(Records excerpted from a collection)
○ ○ ○ ○ ○
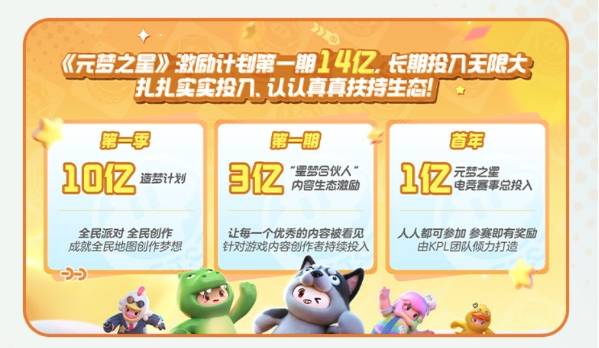 同时我们还注意到这一次腾讯可谓是想要耗费巨资打造元梦之星,从官方了解到,官方已经开启第一期的激励计划,这一次一共将斥资14亿认认真真扶持《元梦之星》生态,第一季将花费10亿打造造梦计划,玩家们可以自己DIY地图,成为造梦师,共同瓜分10亿。同时官方还将花费3亿来扶持“星梦合伙人”,用以激励元梦之星内容生态,让每一个优秀的内容都被看见。除此之外,官方还将在电竞赛事方面投入1亿,人人均可参赛,参赛就有奖励,据了解这一次的电竞赛事将由KPL专业团队倾力打造。
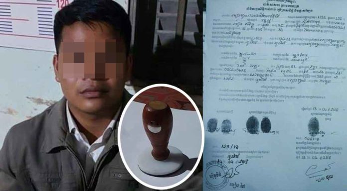 ខេត្តកណ្តាល ៖ បុរសជាបុគ្គលិកធនាគារម្នាក់បានប្រើល្បិចបន្លំត្រាមេឃុំ ទៅបោកប្រាស់ប្រជាពលរដ្ឋដើម្បីដាក់ទ្រព្យនិងលិខិតផ្សេងៗ ក្នុងការយកលុយពីធនាគារចំនួន៣ម៉ឺនដុល្លារ ទីបំផុតបែកធ្លាយរឿងរ៉ាវ ក៏ត្រូវលោកមេឃុំជាជនរងគ្រោះដាក់ពាក្យបណ្តឹងឱ្យសមត្ថកិច្ចចាប់ខ្លួននាំយកទៅចាត់ការតាមច្បាប់។
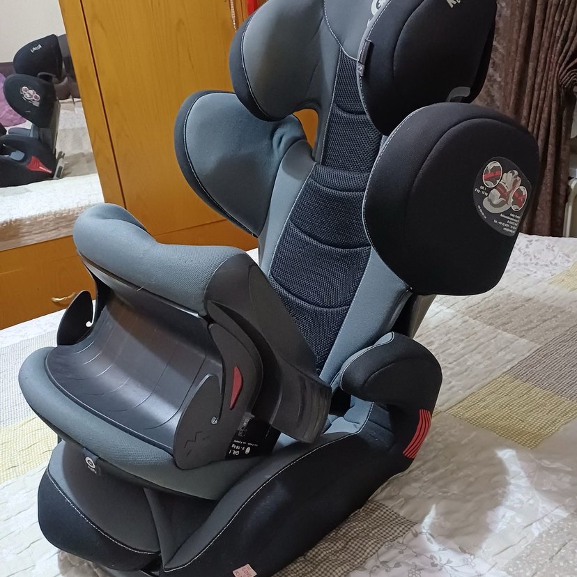 Gri renkli çocuk oto koltuğu, yan koruma ve ayarlanabilir başlık ile konfor ve güvenlik sağlar.
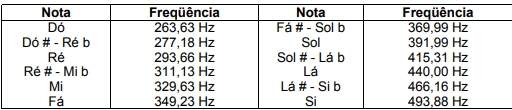 Freqüência significa o quanto alguma coisa se repete e se essa repetição é maior ou menor. Por exemplo, se alguém perguntar com que freqüência você faz aniversário, a resposta será uma vez ao ano. Se a pergunta é com que freqüência você vai à escola, ou ao serviço, a resposta pode ser cinco vezes (dias) por semana. Nós vimos que o som é produzido por vibrações e que para podermos trabalhar esse som, precisamos transformá-lo em eletricidade, que chamamos de sinal. Essas vibrações e as conseqüentes oscilações do sinal podem ser mais rápidas, ou mais lentas. Quanto mais rápidas, maior será a freqüência e mais agudo o som. Quanto mais lentas, menor será a freqüência, e mais grave o som. Em áudio, e na eletrônica, medimos a freqüência em quantidades de oscilações por segundo. A unidade da freqüência é o Hertz (pronuncia-se rértiz), cujo símbolo é Hz. O múltiplo mais usado em áudio é o kilo (k). 1 kHz é igual a 1000Hz. O ouvido humano, tipicamente, escuta de 20Hz (sons mais graves) até 20KHz (sons mais agudos). Para termos uma noção melhor de freqüência, vamos comparar as notas musicais com suas respectivas freqüências. Os instrumentos musicais são afinados com referência na nota lá (A) da oitava central, cuja freqüência é de 440Hz. Temos a seguir uma tabela das freqüências das notas na oitava central.
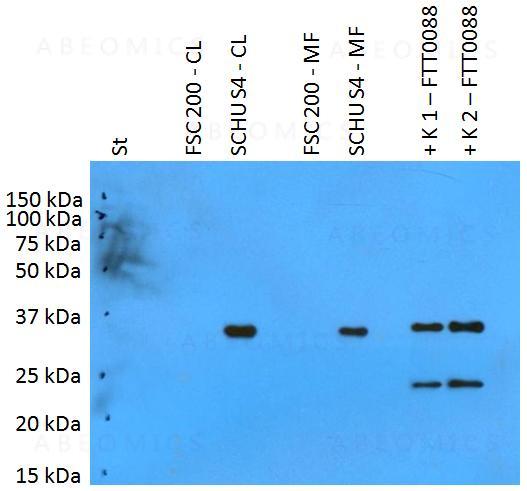 Figure 1:Western blotting analysis of polyclonal anti-Francisella tularensis subsp. tularensis antigen FTT0088. St: Mw marker FSC200-CL: 10 µg of F. tularensis ssp. holarctica FSC200 cell lysateSCHUS4-CL: 10 µg of F. tularensis ssp. tularensis SCHU S4 cell lysateFSC200-MF: 10 µg of F. tularensis ssp. holarctica FSC200 membrane fractionSCHUS4-CL: 10 µg of F. tularensis ssp. tularensis SCHU S4 membrane fraction K1: 50 ng of FTT0088 recombinant proteinK2: 125 ng of FTT0088 recombinant protein
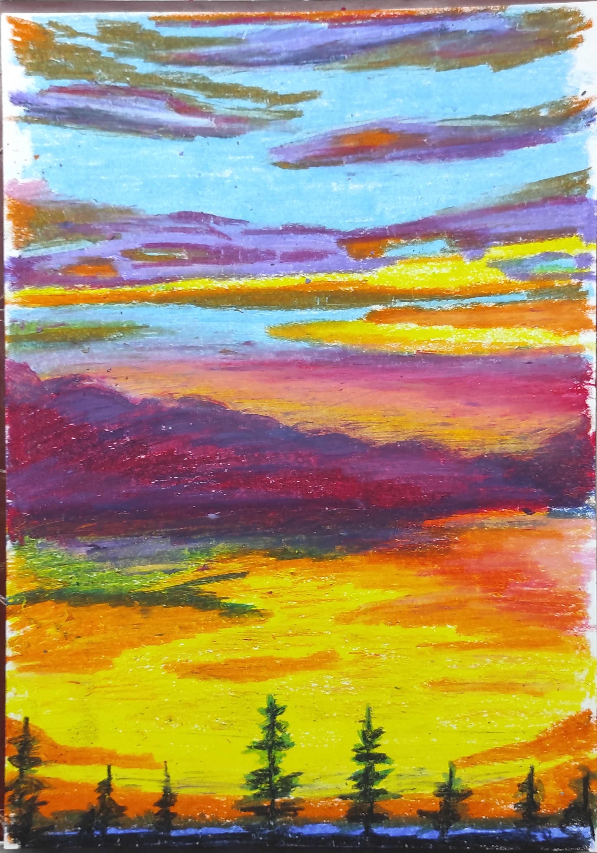 Закат, масляная пастель
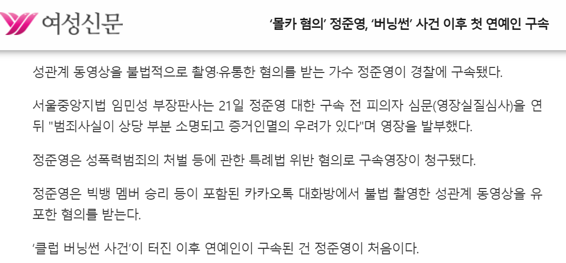 가수 정준영이 친구들끼리 카톡 대화방에 불법 촬영물을 공유한 혐의로 구속되었다.
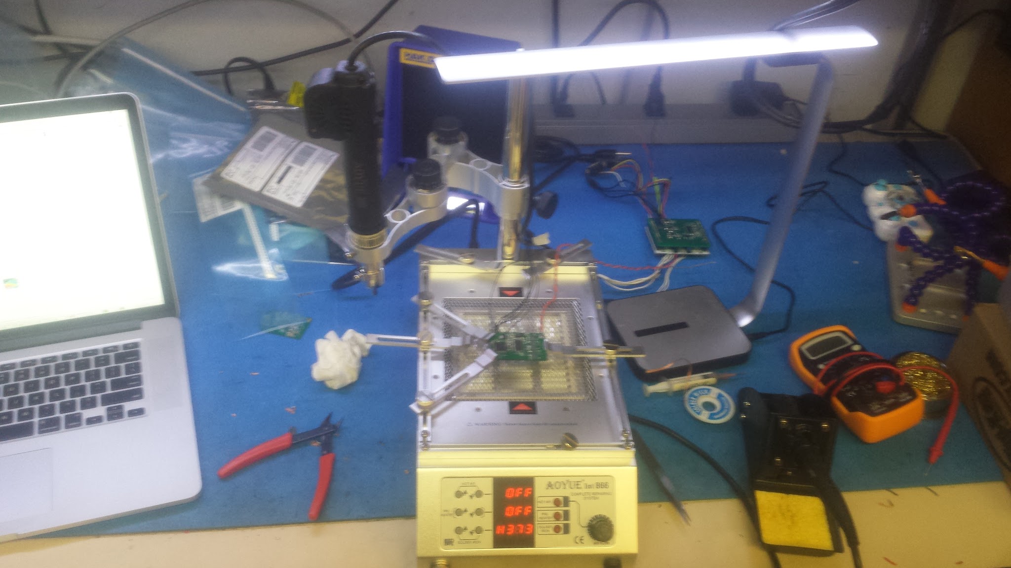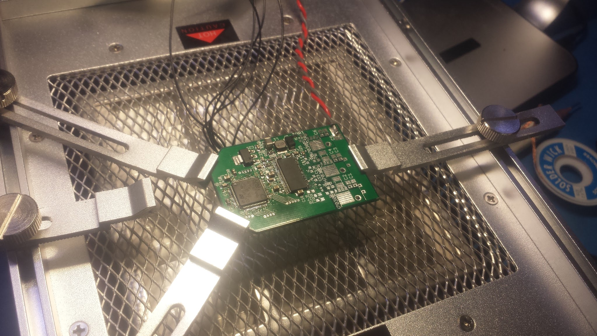 I waited a couple days after receiving the boards for the new MITERS rework station to show up. It has a heater below the board that preheats everything, and a hot air gun on an arm. Assembly, especially of the TSOP-package parts, was far more pleasant than first time around and turned out way better:
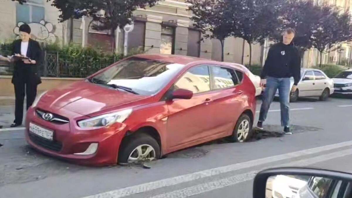 Застряла в текстурах: машина провалилась в асфальт у здания правительства в Ростове
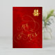 Ce faire-part de mariage chinois moderne est doté d'une véritable feuille d'or double symbole de bonheur et d'un "Mr and Mrs." Script de calligraphie. Le texte de l'invitation est à l'arrière.
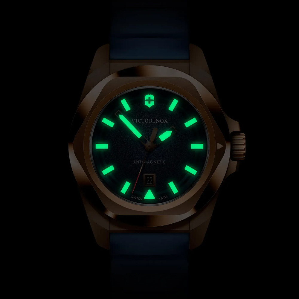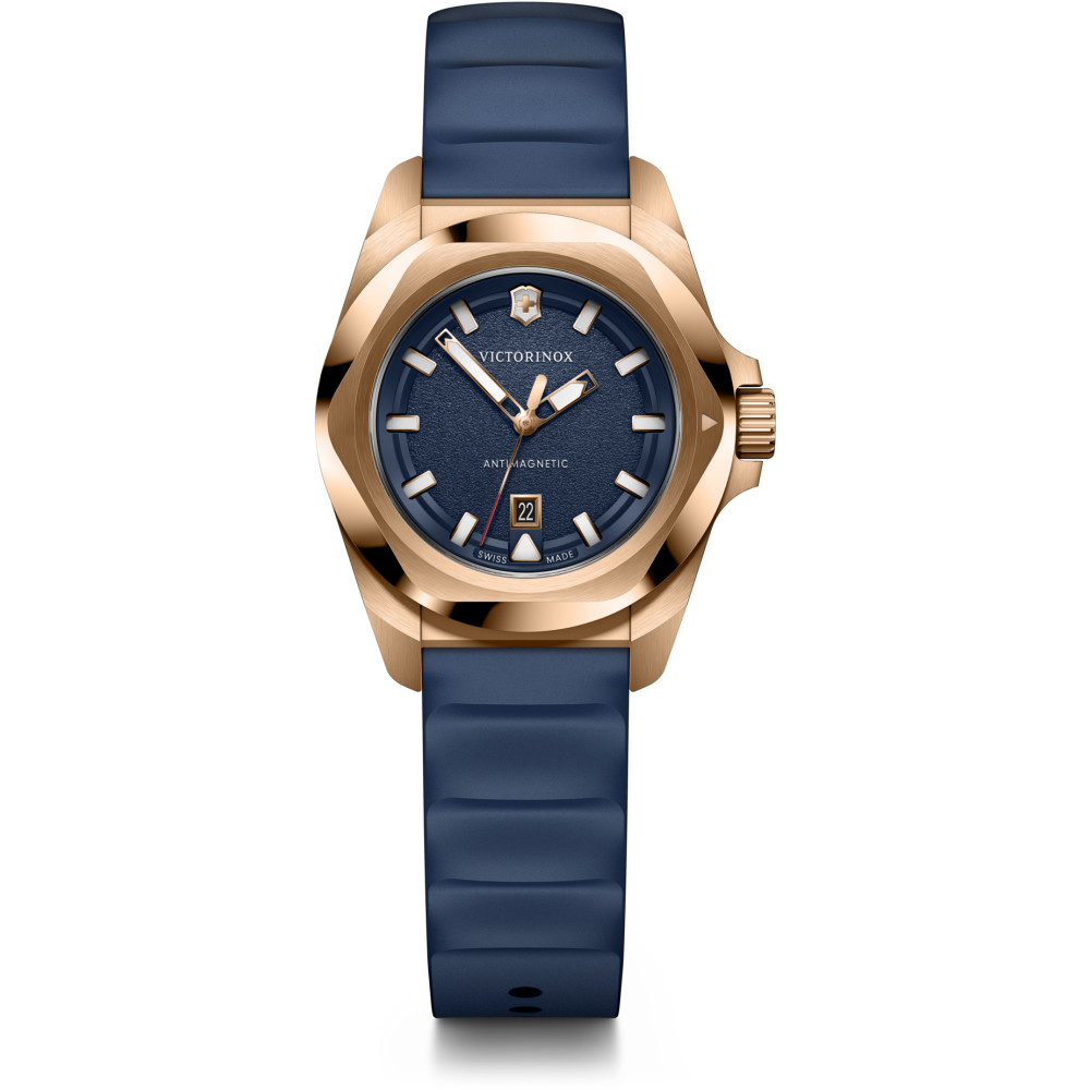 I.N.O.X. (Айнокс) - серія удароміцних і водонепроникних годинників з відмінним зухвалим дизайном безеля. Порівняно з попередніми жіночими моделями цієї серії, I.N.O.X. Small містять усі функції своїх більших аналогів: відображення дати, антимагнітний захист, удароміцність та водонепроникність. Крім того, сертифікований за ISO антимагнітний захист зберігає точність ходу годинника після щоденного впливу електромагнітного випромінювання, наприклад, від телефона або електромашини. Сьогодні годинники Victorinox проектують, виготовляють та тестують на їхньому власному заводі у Делемоні, Швейцарія.
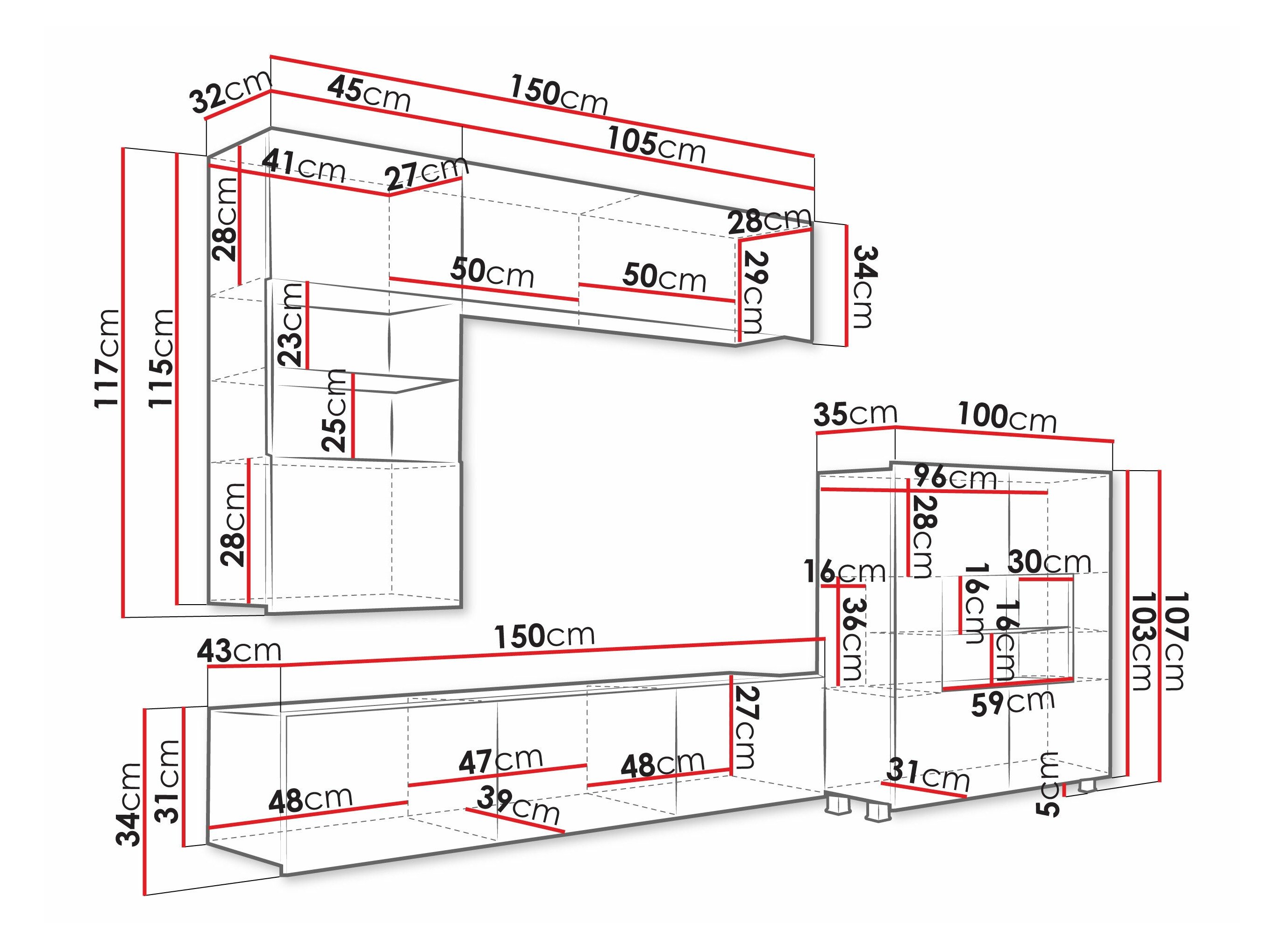 34 x 105 x 32; 117 x 45 x 35 cm
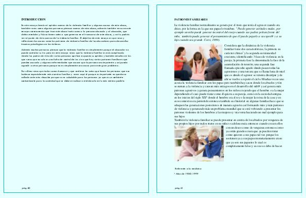 Considera que la dinámica de la violencia familiar tiene dos características, la primera su carácter clínico i y la segunda su intensidad creciente, identificando 3 fases de violencia en la pareja; la primera fase la denominada la fase de la acumulación de tensión; una segunda fase llamada episodio agudo donde pasan todas las agresiones y una tercera que se llama luna de miel que es donde el agresor se intenta disculpar y de ahí se vuelve a repetir el ciclo. Muchas veces uno asocia la violencia familiar con los papas pero también hay casos donde los abuelos y tíos se suman a la violencia y causan más estragos en el desarrollo del niñ @ y así genera más patrones agresivos y genera pensamientos en los niños creyendo que el hombre o a la mujer dependiendo el caso puede tratar como él quiera a su pareja, como en la sociedad antigua en los inicios del siglo XX ii donde el hombre era el rey o la mujer la reina de la casa y en esos contextos era permitido entonces también ese historial en algunas familias hace que se eduquen las generaciones posteriores de manera agresiva así formando más y más patrones de violencia y generando más un problema mundial que se está volviendo a presentar los patrones violentos de los hombres a las mujeres y viceversa haciendo un mal ejemplo para sus hijos También la violencia familiar se puede presentar en contra de los abuelos por venganza de sus propios hijos por malos tratos en su niñez o adolescencia entonces cuando crecen ellos con un deseo como de venganza entonces como ya están grandes creen que ya pueden tratar como quieren a sus papas tal vez porque los sostienen ya a sus papas monetariamente creen que ya son sus juguetes lo cual es completamente falso y eso no se debe de hacer.
○ ○ ○ ○ ○
What the task asks:
Up to and including the line that contains "Gri renkli çocuk", print the records above exactly from their first line, without any pictures.

Task response:
 同时我们还注意到这一次腾讯可谓是想要耗费巨资打造元梦之星,从官方了解到,官方已经开启第一期的激励计划,这一次一共将斥资14亿认认真真扶持《元梦之星》生态,第一季将花费10亿打造造梦计划,玩家们可以自己DIY地图,成为造梦师,共同瓜分10亿。同时官方还将花费3亿来扶持“星梦合伙人”,用以激励元梦之星内容生态,让每一个优秀的内容都被看见。除此之外,官方还将在电竞赛事方面投入1亿,人人均可参赛,参赛就有奖励,据了解这一次的电竞赛事将由KPL专业团队倾力打造。
 ខេត្តកណ្តាល ៖ បុរសជាបុគ្គលិកធនាគារម្នាក់បានប្រើល្បិចបន្លំត្រាមេឃុំ ទៅបោកប្រាស់ប្រជាពលរដ្ឋដើម្បីដាក់ទ្រព្យនិងលិខិតផ្សេងៗ ក្នុងការយកលុយពីធនាគារចំនួន៣ម៉ឺនដុល្លារ ទីបំផុតបែកធ្លាយរឿងរ៉ាវ ក៏ត្រូវលោកមេឃុំជាជនរងគ្រោះដាក់ពាក្យបណ្តឹងឱ្យសមត្ថកិច្ចចាប់ខ្លួននាំយកទៅចាត់ការតាមច្បាប់។
 Gri renkli çocuk oto koltuğu, yan koruma ve ayarlanabilir başlık ile konfor ve güvenlik sağlar.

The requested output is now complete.